The task: Reproduce exactly, from the data that follows, the line with "Modern stüdyo daire", the line with "Students paid tributes", and every line that lies between them.

The data:
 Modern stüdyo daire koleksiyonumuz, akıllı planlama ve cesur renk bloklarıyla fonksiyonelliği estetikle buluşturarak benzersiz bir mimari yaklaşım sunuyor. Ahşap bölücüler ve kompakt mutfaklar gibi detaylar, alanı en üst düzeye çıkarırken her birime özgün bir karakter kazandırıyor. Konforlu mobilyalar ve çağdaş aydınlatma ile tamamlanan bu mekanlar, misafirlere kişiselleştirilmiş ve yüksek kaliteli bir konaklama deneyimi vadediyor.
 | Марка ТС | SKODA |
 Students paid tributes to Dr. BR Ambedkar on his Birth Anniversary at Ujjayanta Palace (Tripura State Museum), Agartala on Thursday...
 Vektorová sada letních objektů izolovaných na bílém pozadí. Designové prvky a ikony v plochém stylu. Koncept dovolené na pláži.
...
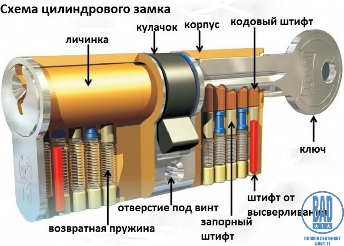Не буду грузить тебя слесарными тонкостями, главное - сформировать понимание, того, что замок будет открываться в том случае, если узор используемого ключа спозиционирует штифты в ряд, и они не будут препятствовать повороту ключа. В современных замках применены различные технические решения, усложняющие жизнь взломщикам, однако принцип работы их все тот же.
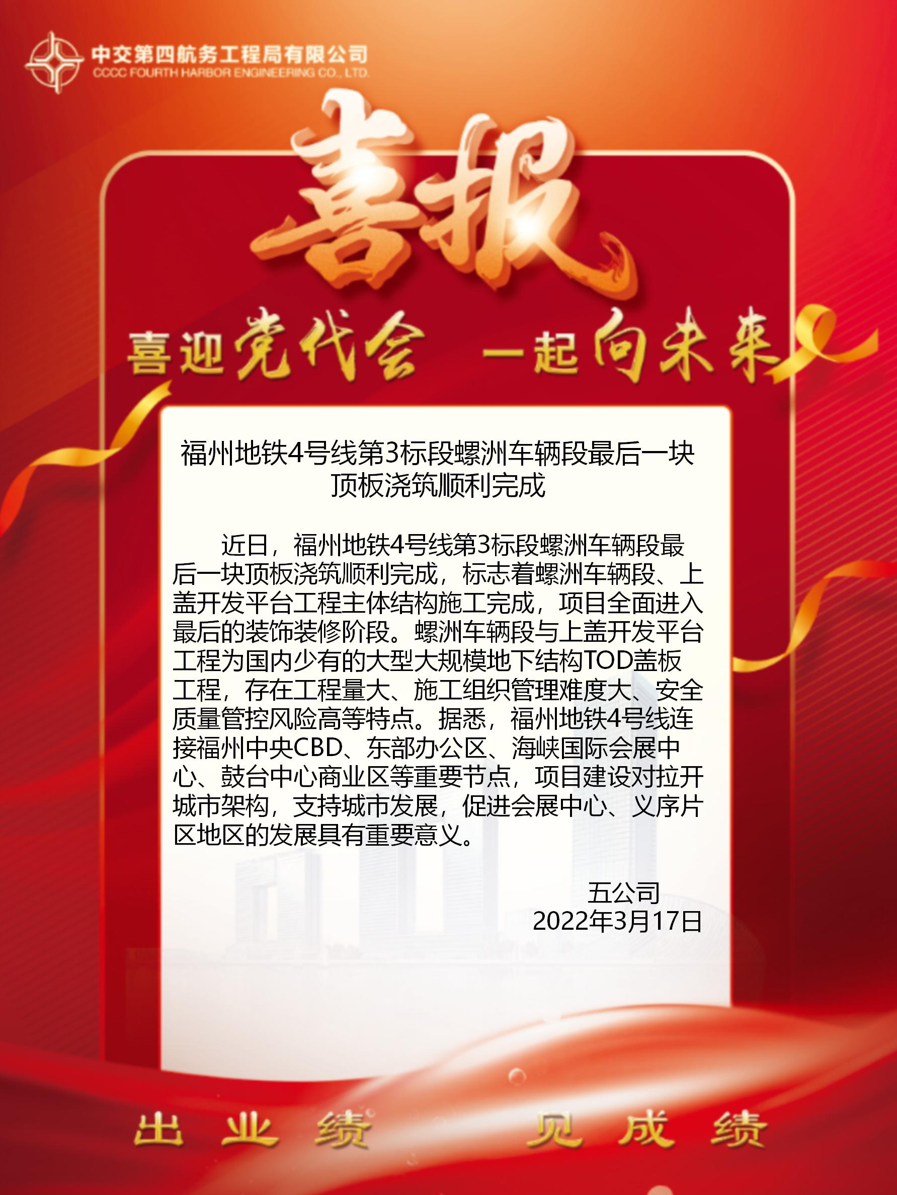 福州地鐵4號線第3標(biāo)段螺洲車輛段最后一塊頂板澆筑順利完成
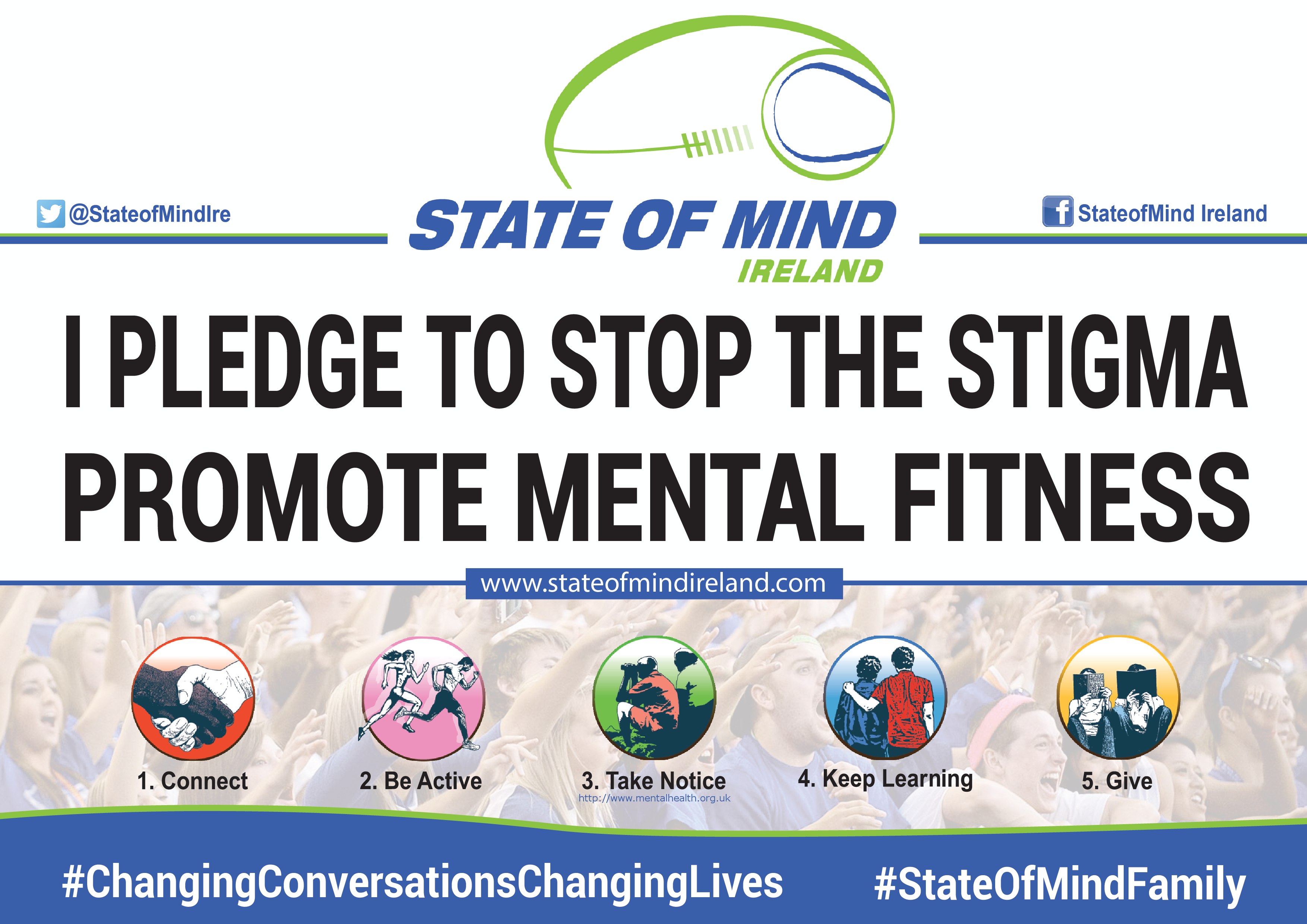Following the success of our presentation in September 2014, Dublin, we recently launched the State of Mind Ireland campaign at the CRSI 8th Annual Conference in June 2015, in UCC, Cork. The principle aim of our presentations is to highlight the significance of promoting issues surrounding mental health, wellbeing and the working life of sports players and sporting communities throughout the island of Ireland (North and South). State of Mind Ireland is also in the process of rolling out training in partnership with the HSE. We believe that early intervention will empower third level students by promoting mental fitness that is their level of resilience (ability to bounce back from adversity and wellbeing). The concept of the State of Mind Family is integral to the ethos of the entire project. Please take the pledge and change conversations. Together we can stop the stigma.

Reply to the exercise:
 Modern stüdyo daire koleksiyonumuz, akıllı planlama ve cesur renk bloklarıyla fonksiyonelliği estetikle buluşturarak benzersiz bir mimari yaklaşım sunuyor. Ahşap bölücüler ve kompakt mutfaklar gibi detaylar, alanı en üst düzeye çıkarırken her birime özgün bir karakter kazandırıyor. Konforlu mobilyalar ve çağdaş aydınlatma ile tamamlanan bu mekanlar, misafirlere kişiselleştirilmiş ve yüksek kaliteli bir konaklama deneyimi vadediyor.
 | Марка ТС | SKODA |
 Students paid tributes to Dr. BR Ambedkar on his Birth Anniversary at Ujjayanta Palace (Tripura State Museum), Agartala on Thursday...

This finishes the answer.